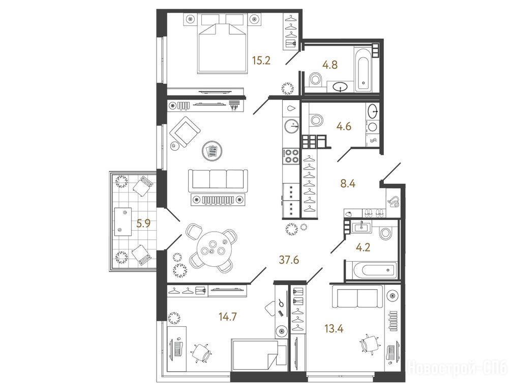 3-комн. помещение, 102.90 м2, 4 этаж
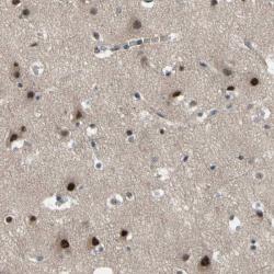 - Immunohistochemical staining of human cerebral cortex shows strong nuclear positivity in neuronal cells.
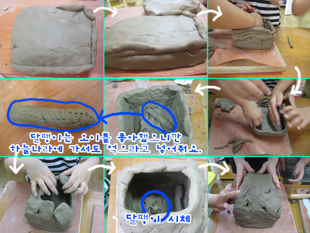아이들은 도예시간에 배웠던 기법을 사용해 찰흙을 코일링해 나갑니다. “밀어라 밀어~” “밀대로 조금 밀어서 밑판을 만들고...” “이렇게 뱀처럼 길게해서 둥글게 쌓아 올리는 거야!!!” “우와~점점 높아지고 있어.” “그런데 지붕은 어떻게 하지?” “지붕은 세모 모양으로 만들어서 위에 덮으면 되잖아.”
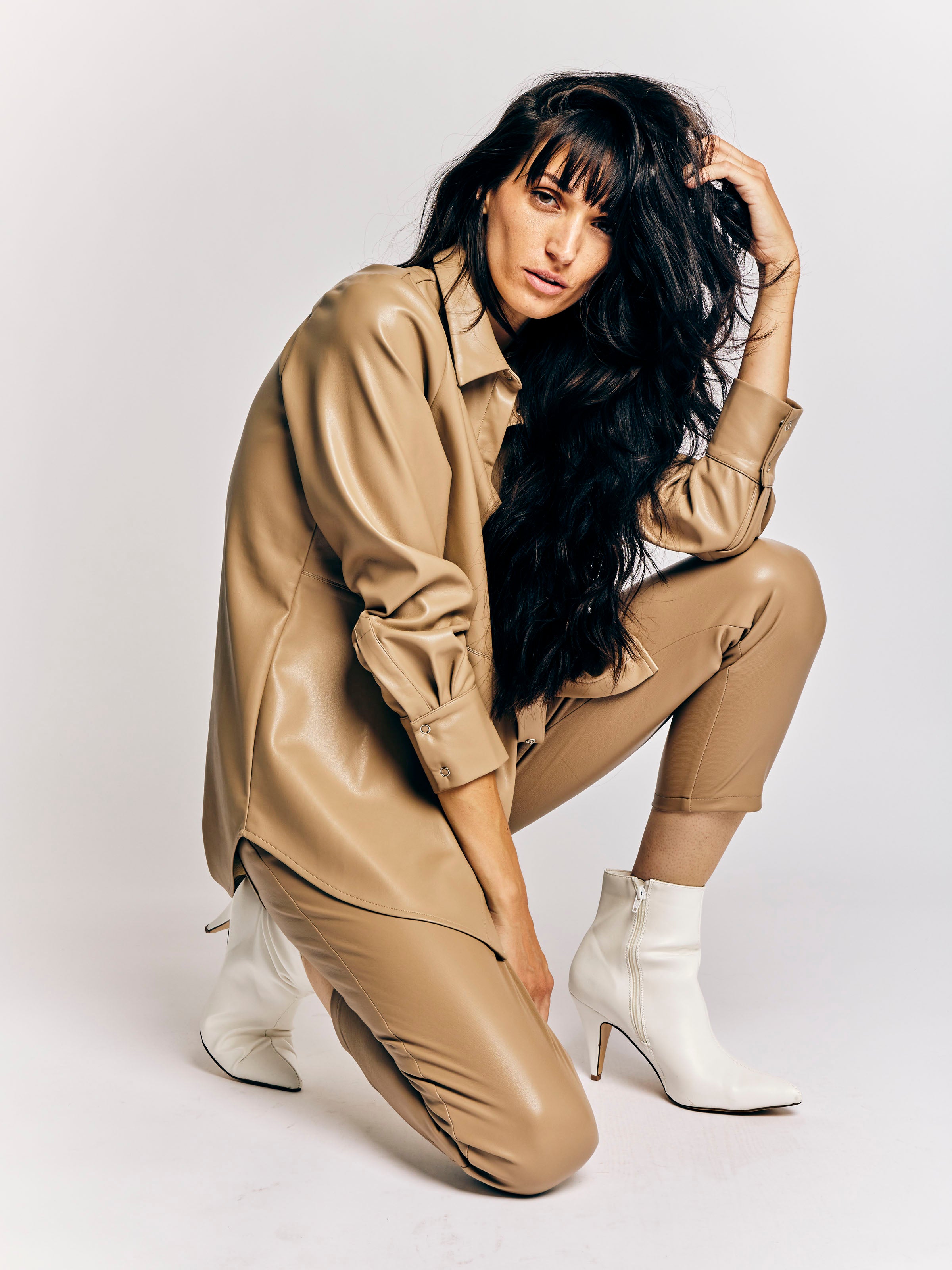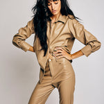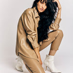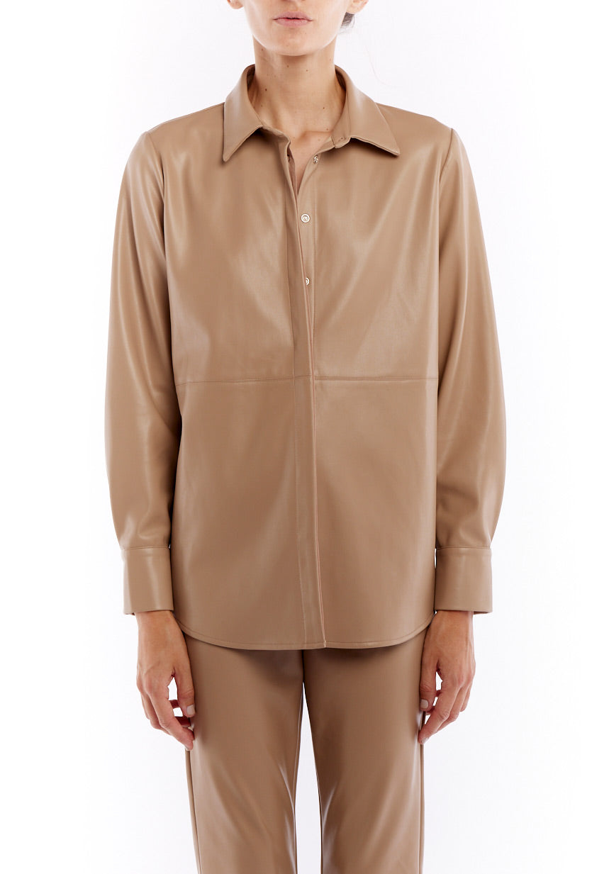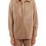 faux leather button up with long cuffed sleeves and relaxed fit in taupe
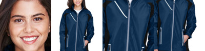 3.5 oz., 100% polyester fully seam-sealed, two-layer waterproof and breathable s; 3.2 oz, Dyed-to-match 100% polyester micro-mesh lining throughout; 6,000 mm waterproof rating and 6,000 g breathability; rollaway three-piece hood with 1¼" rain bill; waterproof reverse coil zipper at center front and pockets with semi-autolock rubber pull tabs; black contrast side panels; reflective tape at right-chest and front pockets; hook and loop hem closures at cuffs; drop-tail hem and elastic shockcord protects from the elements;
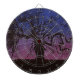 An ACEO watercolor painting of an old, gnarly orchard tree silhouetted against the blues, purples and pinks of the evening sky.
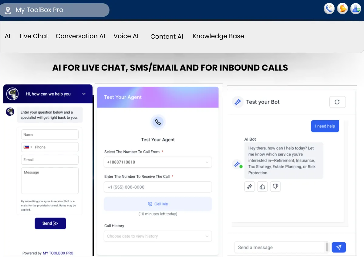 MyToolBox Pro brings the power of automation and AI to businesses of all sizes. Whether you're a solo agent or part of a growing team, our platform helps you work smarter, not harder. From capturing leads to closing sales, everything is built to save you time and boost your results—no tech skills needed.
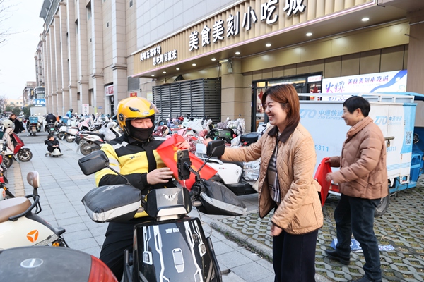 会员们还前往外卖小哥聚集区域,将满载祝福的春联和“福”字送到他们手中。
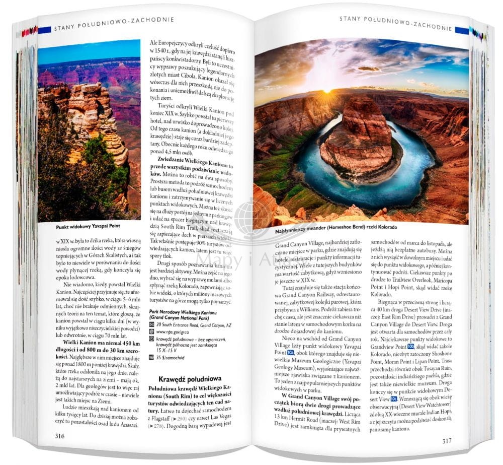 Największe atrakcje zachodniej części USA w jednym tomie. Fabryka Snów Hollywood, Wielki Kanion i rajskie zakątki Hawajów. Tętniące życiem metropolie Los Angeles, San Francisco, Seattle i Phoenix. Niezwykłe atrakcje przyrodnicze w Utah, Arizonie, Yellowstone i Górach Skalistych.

EXERCISE DIRECTIONS: Only the lines from the one containing "- Immunohistochemical staining" through the last line of the data belong in the copy, both included and reproduced exactly. Pictures do not.

RESPONSE:
 - Immunohistochemical staining of human cerebral cortex shows strong nuclear positivity in neuronal cells.
아이들은 도예시간에 배웠던 기법을 사용해 찰흙을 코일링해 나갑니다. “밀어라 밀어~” “밀대로 조금 밀어서 밑판을 만들고...” “이렇게 뱀처럼 길게해서 둥글게 쌓아 올리는 거야!!!” “우와~점점 높아지고 있어.” “그런데 지붕은 어떻게 하지?” “지붕은 세모 모양으로 만들어서 위에 덮으면 되잖아.”
 faux leather button up with long cuffed sleeves and relaxed fit in taupe
 3.5 oz., 100% polyester fully seam-sealed, two-layer waterproof and breathable s; 3.2 oz, Dyed-to-match 100% polyester micro-mesh lining throughout; 6,000 mm waterproof rating and 6,000 g breathability; rollaway three-piece hood with 1¼" rain bill; waterproof reverse coil zipper at center front and pockets with semi-autolock rubber pull tabs; black contrast side panels; reflective tape at right-chest and front pockets; hook and loop hem closures at cuffs; drop-tail hem and elastic shockcord protects from the elements;
 An ACEO watercolor painting of an old, gnarly orchard tree silhouetted against the blues, purples and pinks of the evening sky.
 MyToolBox Pro brings the power of automation and AI to businesses of all sizes. Whether you're a solo agent or part of a growing team, our platform helps you work smarter, not harder. From capturing leads to closing sales, everything is built to save you time and boost your results—no tech skills needed.
 会员们还前往外卖小哥聚集区域,将满载祝福的春联和“福”字送到他们手中。
 Największe atrakcje zachodniej części USA w jednym tomie. Fabryka Snów Hollywood, Wielki Kanion i rajskie zakątki Hawajów. Tętniące życiem metropolie Los Angeles, San Francisco, Seattle i Phoenix. Niezwykłe atrakcje przyrodnicze w Utah, Arizonie, Yellowstone i Górach Skalistych.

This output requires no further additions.